RAIL FREIGHT AND THE CHANNEL TUNNEL

BACKGROUND

  1.  The problem of would-be illegal immigrants exploiting rail freight services through the Channel Tunnel has been developing over the past four years. Initially the problem largely originated in the Italian freight yards around Milan, where illegal immigrants were smuggled into containers before these were despatched through France; but increasingly would-be illegal immigrants have been arriving in the Calais area by other routes. The problem of illegal migrants living rough in the Calais area led to the decision by the local authorities to requisition, from Eurotunnel, a disused construction hangar at Sangatte to convert into a Red Cross hostel. This has since been exploited by criminal gangs of traffickers and facilitators who direct the residents towards the various cross-Channel operations.

  2.  From January 2001 the numbers of illegal immigrants arriving in the UK on Eurotunnel's shuttle trains each month increased rapidly, reaching a peak of 807 in July 2001. To combat this disruption to their services, Eurotunnel installed progressively more robust anti-intrusion measures and increased its security resources. These took effect from August onwards; the result was that the traffickers looked to the weakest link in the area, which was now the freight yard at Fréthun. Although the French railway companies SNCF and RFF (the French infrastructure manager) had been talking since April last year of installing improved fencing and other security measures by the end of the year, this work had not started in October 2001 when the mass invasions of the freight yard began.

  3.  On 5 November 2001 the French rail freight operator, SNCF, announced that it was imposing restrictions on freight services through the Channel Tunnel because of the activities of illegal immigrants. These came into effect on 6 November 2001 and are still in place.

EFFECTS ON UK FREIGHT OPERATORS AND INDUSTRY

  4.  The effect of the restrictions on rail freight through the Channel Tunnel is being felt most particularly by the operator English, Welsh and Scottish Railway International (EWSI) and their customers, by freight aggregators and those responsible for rail freight terminals such as Daventry and Hams Hall. Before the restrictions began, EWSI and SNCF ran some 96 import trains a week. Since restrictions came in, the best week has seen 47 import trains run. Most weeks have seen fewer than 40. Up to 180 immigrants per week have been reaching the UK on these services. SNCF are currently trying to process six trains a day.

  5.  EWS advises that it is losing £500,000 a week. The disruption is also affecting wider interests, both major industry (in particular Scotch whisky and car industry) and freight forwarders/aggregators. Some of the operators have advised that they have been obliged to switch to other modes of transport in order to keep their supply chains running. The Rail Freight Group estimates that 8,000 jobs are at risk. Some forwarders have commenced redundancies. SNCF estimates that the current commercial demand is for around 75 trains per week (cf 96 pre-November). The damage to the business will be long-lasting.

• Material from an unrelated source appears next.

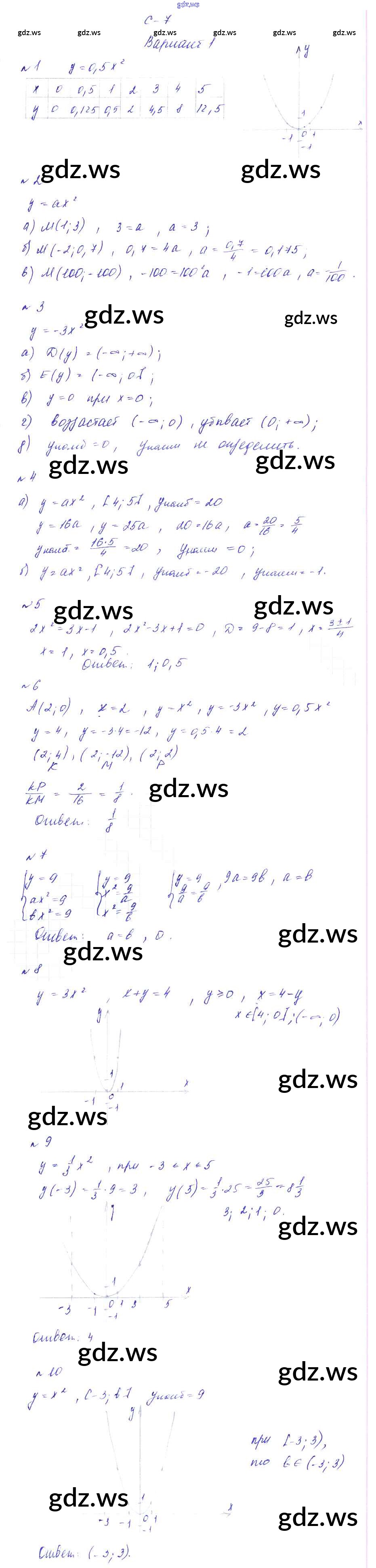 Готовый и полный ответ к СР-7 Самостоятельные работы - Алгебре 9 класс Звавич Дидактические материалы УМК ФГОС

  6.  The Rail Freight Group has approached the Strategic Rail Authority (SRA) to provide compensation to UK companies affected by the disruption. The SRA has indicated that those companies should in the first place pursue the options for compensation open to them under their commercial contracts, or through direct enforcement in the French courts of European Regulation 2679/98 on the free movement of goods. Companies seeking to enforce it directly through the French courts could include in their action a claim for losses incurred as a result of the restrictions. The Government has offered practical advice on the French legal system through its Paris Embassy.

UK GOVERNMENT ACTION

  7.  In 2001, the Home Office extended the Civil Penalty regime (introduced in 2000 for the road haulage industry) to rail freight through the Channel Tunnel, to put pressure on SNCF to adopt tighter security at its Fréthun terminal. The improved checking procedures introduced, in particular at Calais port, to avoid these penalties resulted in a displacement of the illegal immigrants' activities to the Eurotunnel terminal at Coquelles (to which the Civil Penalty regime was subsequently extended in October 2001)[1]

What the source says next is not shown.